Problem to work on
Quote the data exactly, first line to the line containing "أعلنت إدارة المراكز", with no pictures.

(Source records)
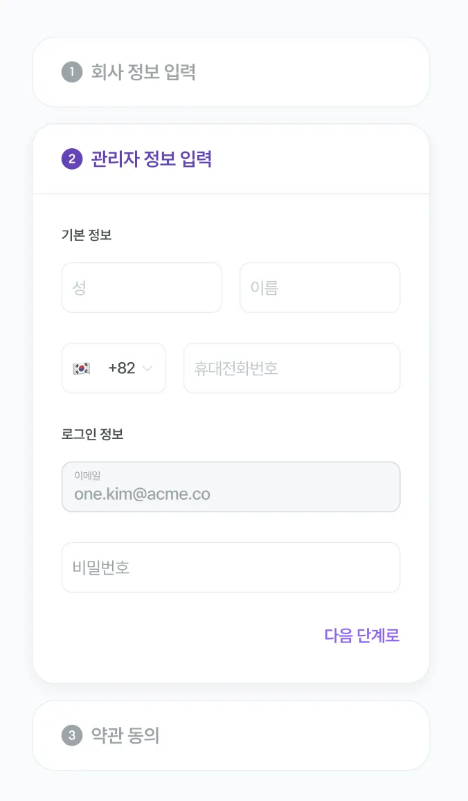 회사 정보 입력이 완료되면, 관리자 정보 입력 후 ‘다음 단계로’ 버튼을 선택합니다.
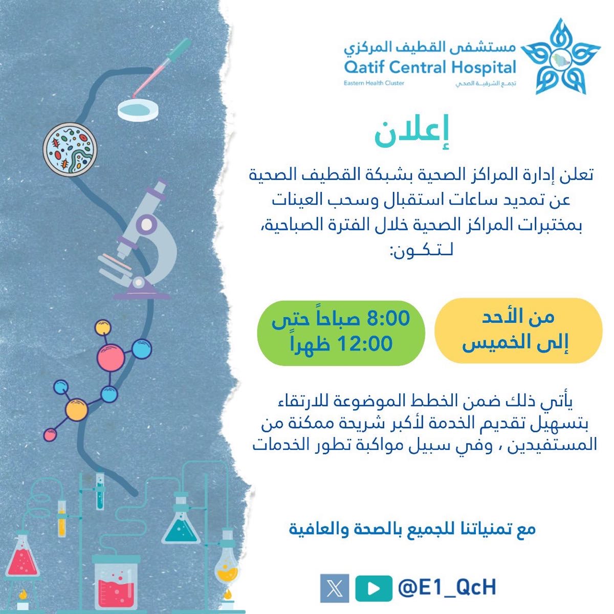 أعلنت إدارة المراكز الصحية بشبكة القطيف الصحية عن تمديد ساعات استقبال وسحب العينات بمختبرات المراكز الصحية خلال الفترة الصباحية، لتكون من الساعة 8:00 صباحاً حتى 12:00 ظهراً، وذلك من الأحد إلى الخميس.
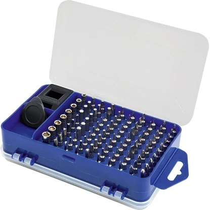 Das Lux Smartphone-Reparatur-Set ist bestens geeignet um Smartphones, Tablets, PCs und andere Multimediageräte zu öffnen und zu reparieren. Es besteht aus 108 Teilen und ist vielseitig einsetzbar für feinmechanische Arbeiten aller Art. Im Set enthalten sind Bits für Schlitzschrauben, PH-Schrauben, TX-Schrauben sowie Innensechskantschrauben für verschiedene Profilgrößen. Des Weiteren enthält es diverse Hilfsmittel zum einfachen Auswechseln verschiedener Komponenten bei Smartphones und Tablets. Das Material der Bits ist hochwertiger und stabiler Chrom-Vanadium-Stahl. Das Werkzeug wird in einer doppelseitig bestückten Kunststoffbox geliefert.
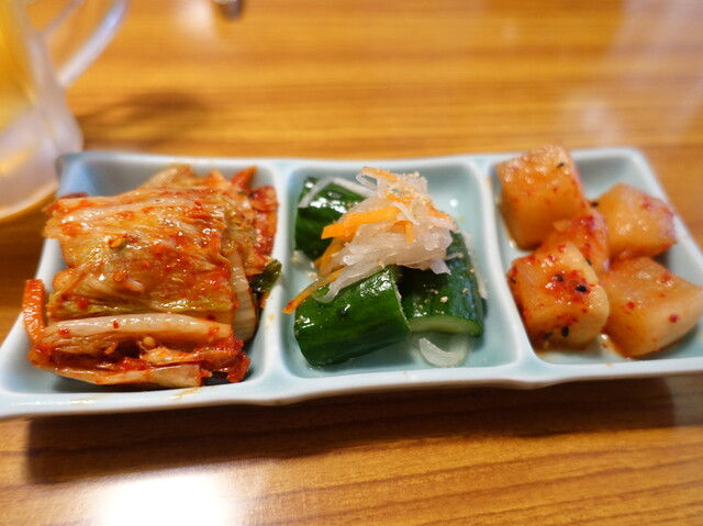 最初にセットの小鉢とキムチが出てきます。小鉢のローストビーフは量が少ないけど美味いです。
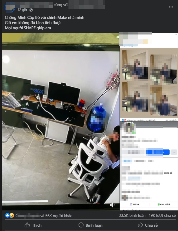 "Chả phải đây là lần đầu, mà 5 tháng rồi, họ lén lút với nhau như vậy. Cả chiều và tối tôi ngồi check camera, thì họ liên tục làm chuyện đáng xấu hổ.

Answer to the problem
 회사 정보 입력이 완료되면, 관리자 정보 입력 후 ‘다음 단계로’ 버튼을 선택합니다.
 أعلنت إدارة المراكز الصحية بشبكة القطيف الصحية عن تمديد ساعات استقبال وسحب العينات بمختبرات المراكز الصحية خلال الفترة الصباحية، لتكون من الساعة 8:00 صباحاً حتى 12:00 ظهراً، وذلك من الأحد إلى الخميس.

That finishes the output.